In the hands of the Warner Bros Discovery CEO, David Zaslav, though, these hits aren’t evidence of how the movie business can flourish. They’re valued insofar as they can help goose the possibility of a sale. On the other side of that transaction, Netflix probably isn’t buying Warner Bros because they see a valuable library of older films and a ready-made pipeline to major theatrical releases. In a movie-centric utopia, Netflix could complement the Warner Bros slate with lower-budget romcoms, adult-driven thrillers and teen movies that big studios often ignore, as well as a regular supply of the streamer’s sideline in artistic passion projects from the likes of Martin Scorsese, Spike Lee, Noah Baumbach and David Fincher. (Maybe auteurs like Scorsese and Lee wouldn’t be scared off after a single movie, knowing that Warner Bros could actually put their films in theaters.) Netflix could also bring all manner of classic cinema into viewers’ homes.

But judging by how many pre-1990 titles on Netflix at any given time and the awards-qualifying theatrical releases it begrudgingly gives its more prestigious projects, a rich catalog and major theatrical releases are elements of the film industry and its history that the company vaguely disdains. Netflix is buying Warner Bros mostly to eliminate the competition of HBO Max – and maybe, down the road, the broader competition of people occasionally leaving their homes for entertainment.

Oh, and the IP. Netflix subscribers received a so-sad-it’s-funny email from the company about the impending purchase, in which they crowed about “bringing some of the world’s most beloved franchises like Harry Potter, Friends, The Big Bang Theory, Casablanca, Game of Thrones and the DC Universe together with Stranger Things, Wednesday, Squid Game, Bridgerton and KPop Demon Hunters.” It’s telling that the token Warner movie that they algorithmed into this announcement is Casablanca, perhaps the most “name a movie” movie of all time (at least in the pre-1970 division), which they immediately, bafflingly, and terrifyingly describe as a “franchise”. (For that matter, how is Friends a franchise? That show has yielded one reunion special and a bunch of cheesy in-person pop-ups in the 20 years since it left the air.)

On its own, this is just corporate insensitivity and bumbling – neither particularly endemic to 2025 in particular.
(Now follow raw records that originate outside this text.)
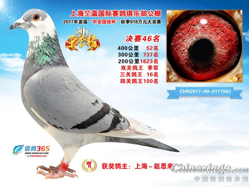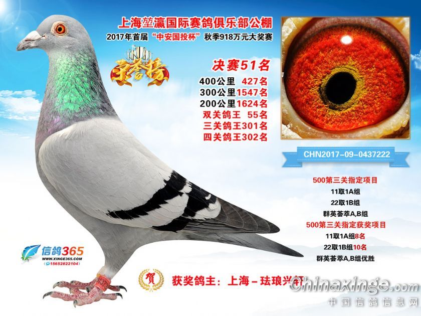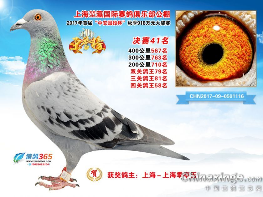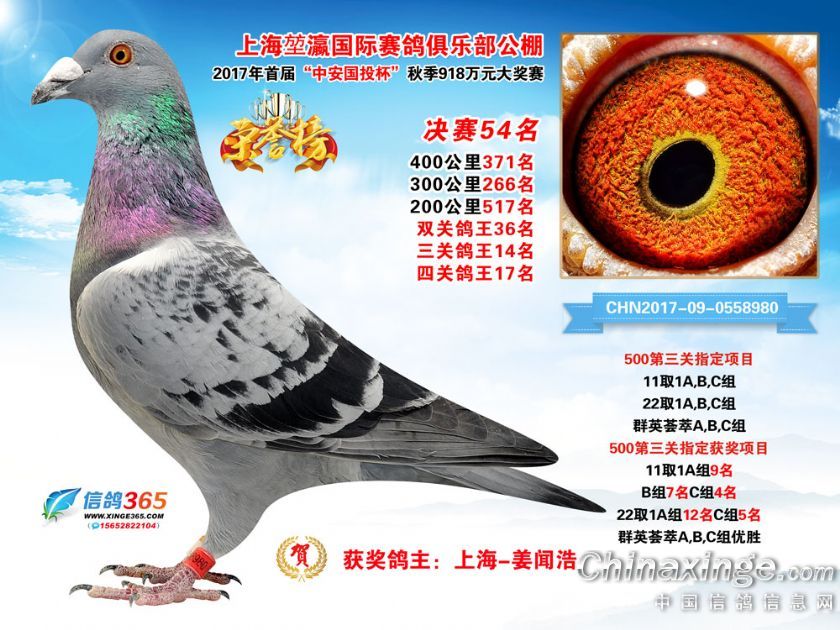 上海堃瀛国际赛鸽俱乐部公棚2017年获奖鸽31-60名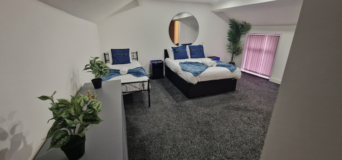Un espacioso apartamento de dos dormitorios con un ambiente moderno situado en el corazón de Cardiff con una cocina totalmente equipada, salón de planta abierta y baño grande. A pocos minutos a pie de la estación central de tren de Cardiff, el estadio Principality, Utilita Arena y el castillo de Cardiff. Ideal para compras, eventos y viajes de negocios. A veces es posible hacer el check-in o el check-out antes o después de la hora establecida. Al llegar a Cardiff, dirígete al apartamento (después de las 11:45 a. m.). Si los limpiadores están allí, deja tu equipaje en el armario del pasillo.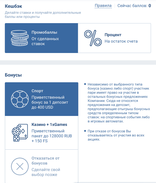 Перед пополнениям счета официального сайта 1xbet игроку нужно выбрать валюту. Она выбирается единоразово и изменить ее в дальнейшем будет невозможно.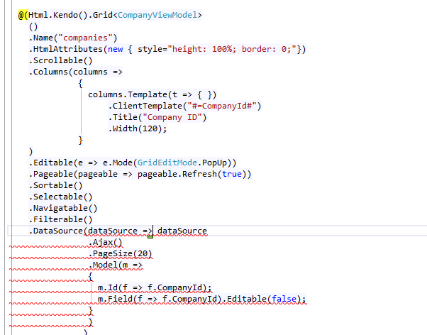 The trouble I am having is that I have red lines in the editing on everything from the first dataSource all the way to the end. When I hover over the start of the error I get the pop up description: C#: Unknown method 'DataSource(?)' of 'Kendo.Mvc.UI.Fluent.....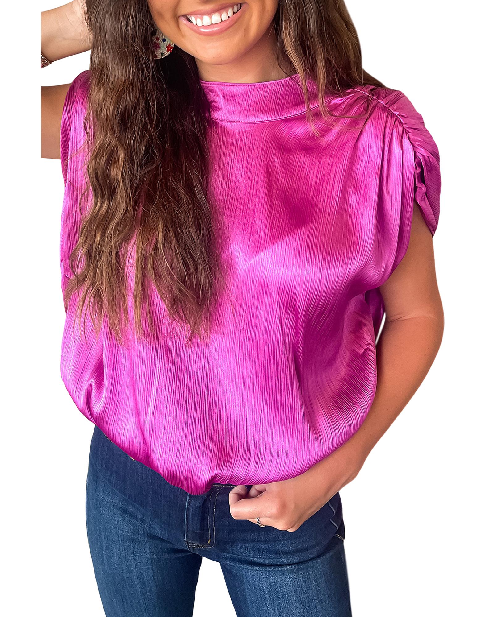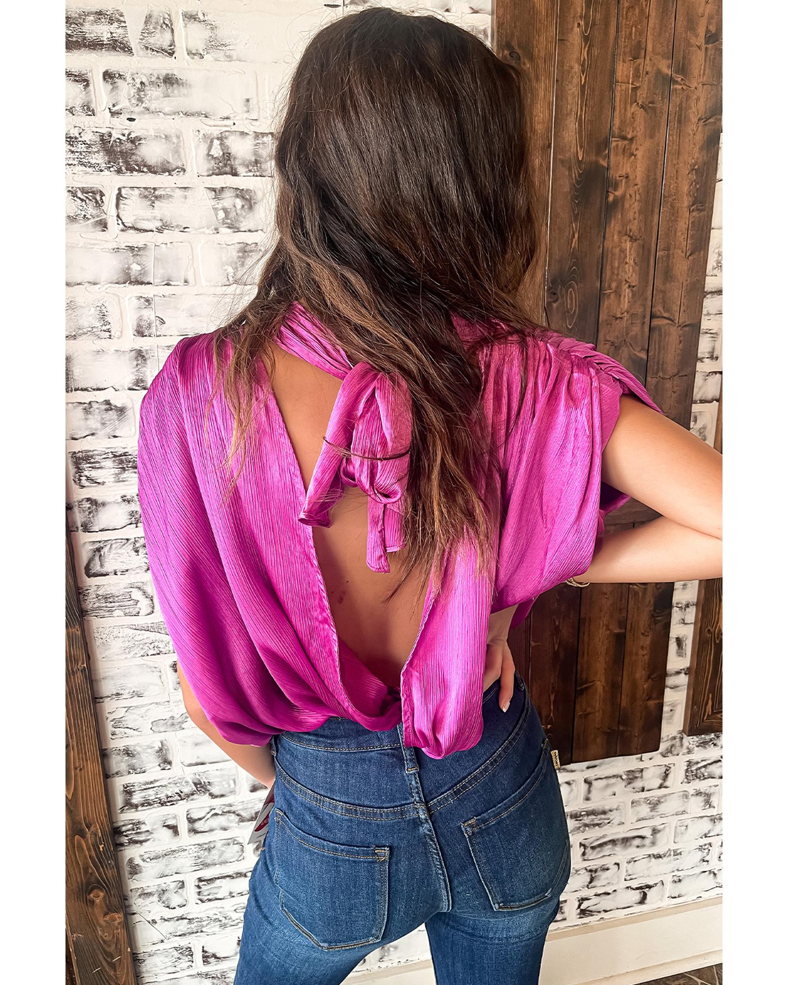 Bright Pink Ruched Sleeves Knotted Backless Blouse – L

And yes, the movie-lover’s grandstanding over the sanctity of the theatrical experience can feel a little embarrassing. Suddenly we’re all Nicole Kidman, reading from a series of quasi-PSAs on behalf of multiplexes that forget to turn the lights down and don’t employ projectionists who can fix technical issues. Divorced from that grandiosity, though, moviegoing can be a simple pleasure, a relatively affordable escape that some companies seem hellbent on treating like a productivity problem, begging to be solved. Wouldn’t you save energy by staying home? Wouldn’t you feel like you’re saving money if you agree to give us 20 bucks a month in perpetuity for whatever stuff we can scrounge up for our homepage? Doesn’t the decision to watch a particular movie take up valuable brainpower we could colonize with an algorithm? Even if Paramount doesn’t succeed in wresting Warner away from Netflix, a hostile takeover has already begun. Tech weirdos want control of our art and leisure. We shouldn’t cede it to them.